Problem details: These records contain pictures, which must be left out; copy exactly the lines from the one with "Modern Sterling Silver" up to and including the one with "吸入用七氟烷原研来自丸石制药".

Data records:
================================

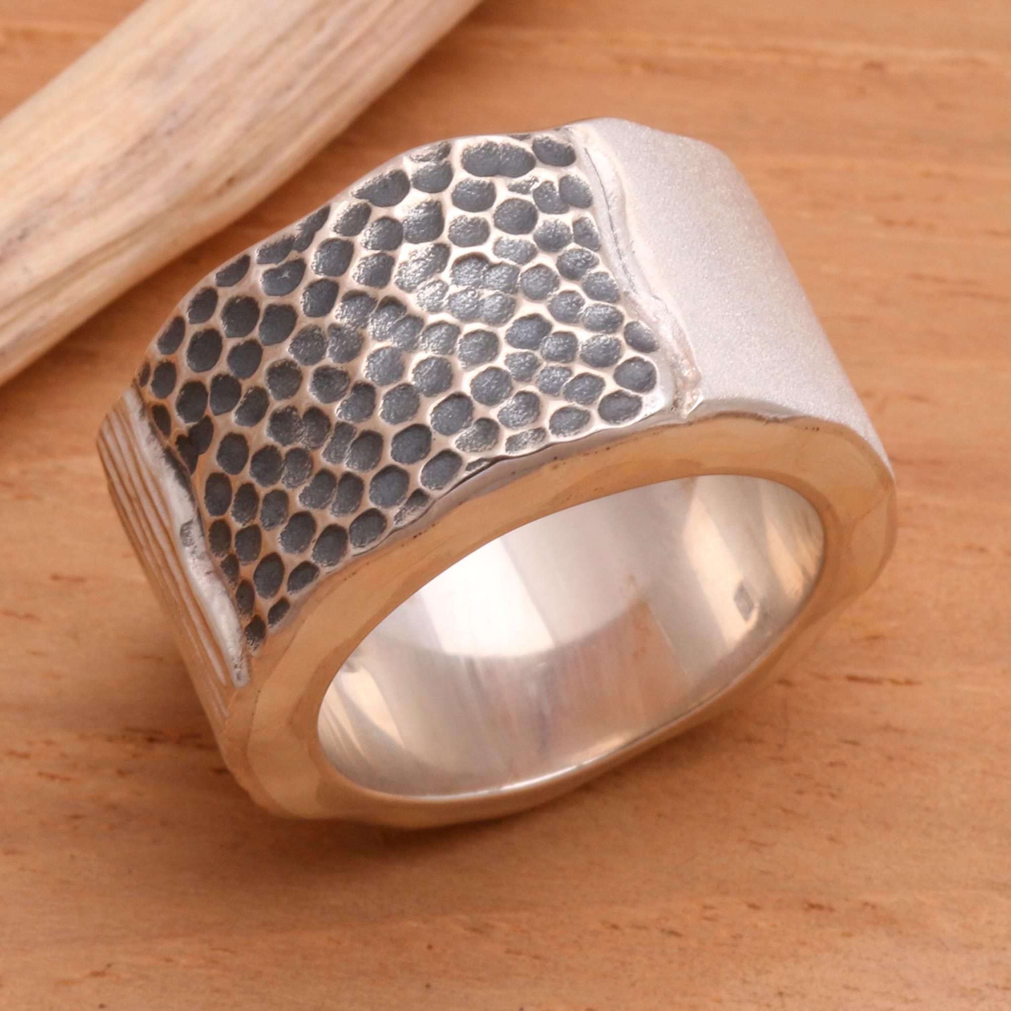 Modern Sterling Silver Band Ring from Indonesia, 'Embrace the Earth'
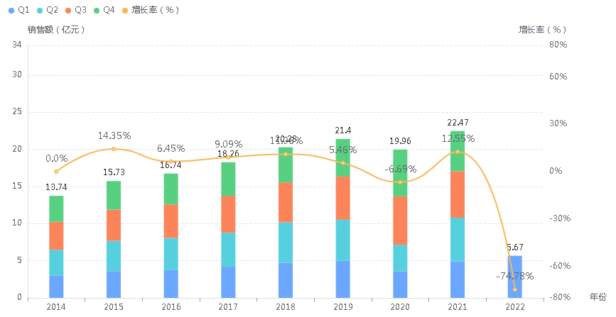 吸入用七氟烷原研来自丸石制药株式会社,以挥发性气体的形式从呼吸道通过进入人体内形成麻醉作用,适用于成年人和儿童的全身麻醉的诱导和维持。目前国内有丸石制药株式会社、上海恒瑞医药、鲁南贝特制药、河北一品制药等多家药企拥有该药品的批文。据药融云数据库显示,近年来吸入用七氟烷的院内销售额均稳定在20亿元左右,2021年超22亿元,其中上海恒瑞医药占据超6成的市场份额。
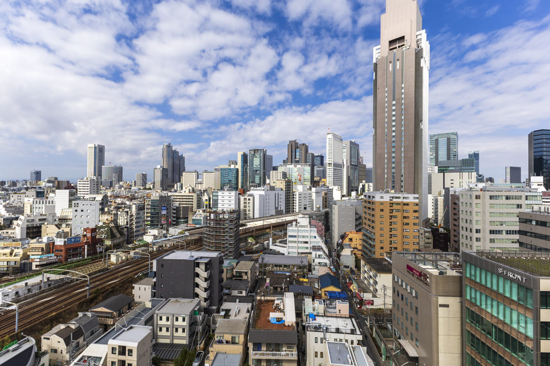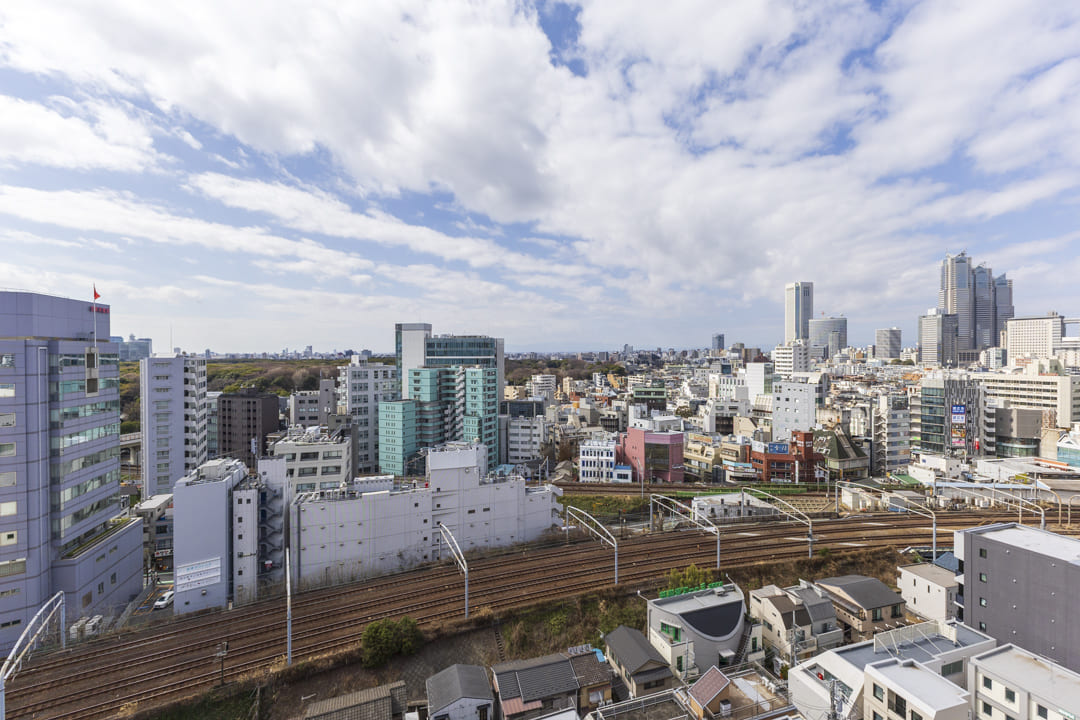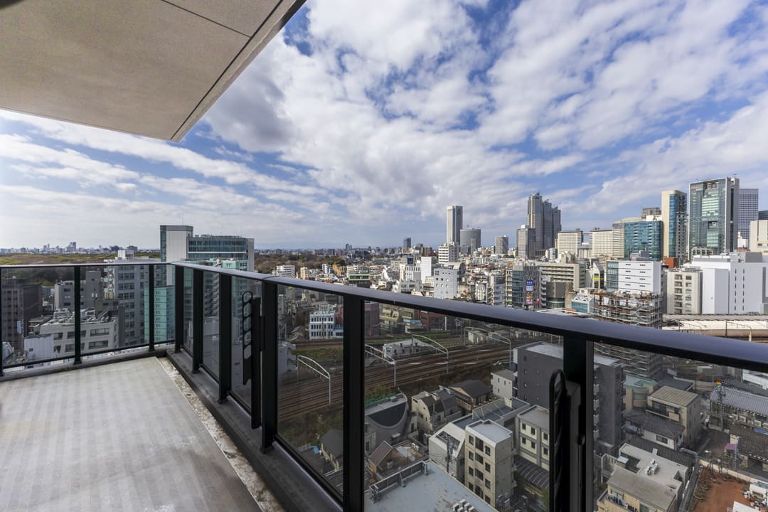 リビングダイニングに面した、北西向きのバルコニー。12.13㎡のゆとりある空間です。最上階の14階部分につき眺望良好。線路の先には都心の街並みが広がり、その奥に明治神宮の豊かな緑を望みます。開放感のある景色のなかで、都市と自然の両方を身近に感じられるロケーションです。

================================

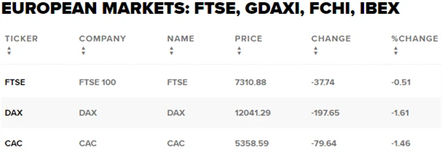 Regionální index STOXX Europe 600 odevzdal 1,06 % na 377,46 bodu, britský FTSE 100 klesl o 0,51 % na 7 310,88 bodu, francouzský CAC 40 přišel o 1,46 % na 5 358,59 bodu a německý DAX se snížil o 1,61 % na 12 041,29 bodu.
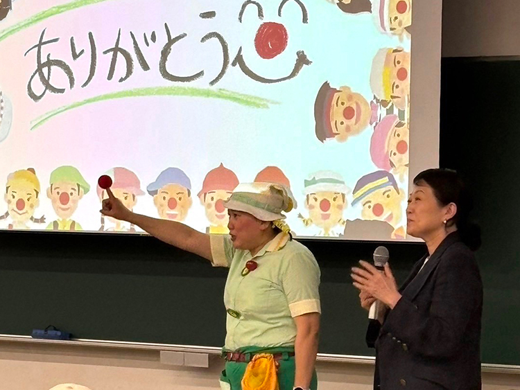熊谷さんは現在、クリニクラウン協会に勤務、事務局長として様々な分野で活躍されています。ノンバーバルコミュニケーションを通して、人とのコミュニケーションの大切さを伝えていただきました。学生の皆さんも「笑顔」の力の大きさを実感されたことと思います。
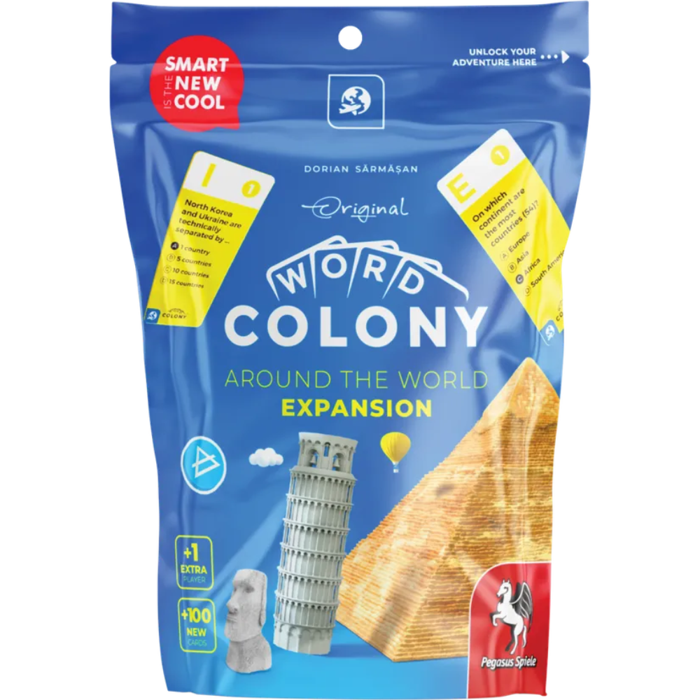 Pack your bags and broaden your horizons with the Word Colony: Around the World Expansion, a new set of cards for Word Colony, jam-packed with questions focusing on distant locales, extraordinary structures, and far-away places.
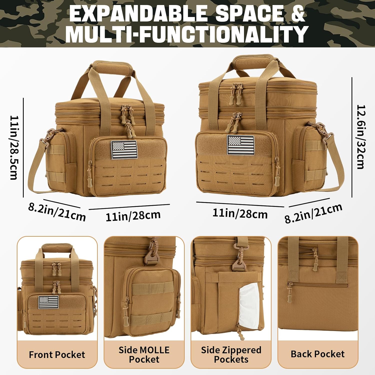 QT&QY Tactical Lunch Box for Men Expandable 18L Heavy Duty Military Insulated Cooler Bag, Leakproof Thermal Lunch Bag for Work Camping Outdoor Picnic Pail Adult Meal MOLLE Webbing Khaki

================================

Worked solution:
 Modern Sterling Silver Band Ring from Indonesia, 'Embrace the Earth'
 吸入用七氟烷原研来自丸石制药株式会社,以挥发性气体的形式从呼吸道通过进入人体内形成麻醉作用,适用于成年人和儿童的全身麻醉的诱导和维持。目前国内有丸石制药株式会社、上海恒瑞医药、鲁南贝特制药、河北一品制药等多家药企拥有该药品的批文。据药融云数据库显示,近年来吸入用七氟烷的院内销售额均稳定在20亿元左右,2021年超22亿元,其中上海恒瑞医药占据超6成的市场份额。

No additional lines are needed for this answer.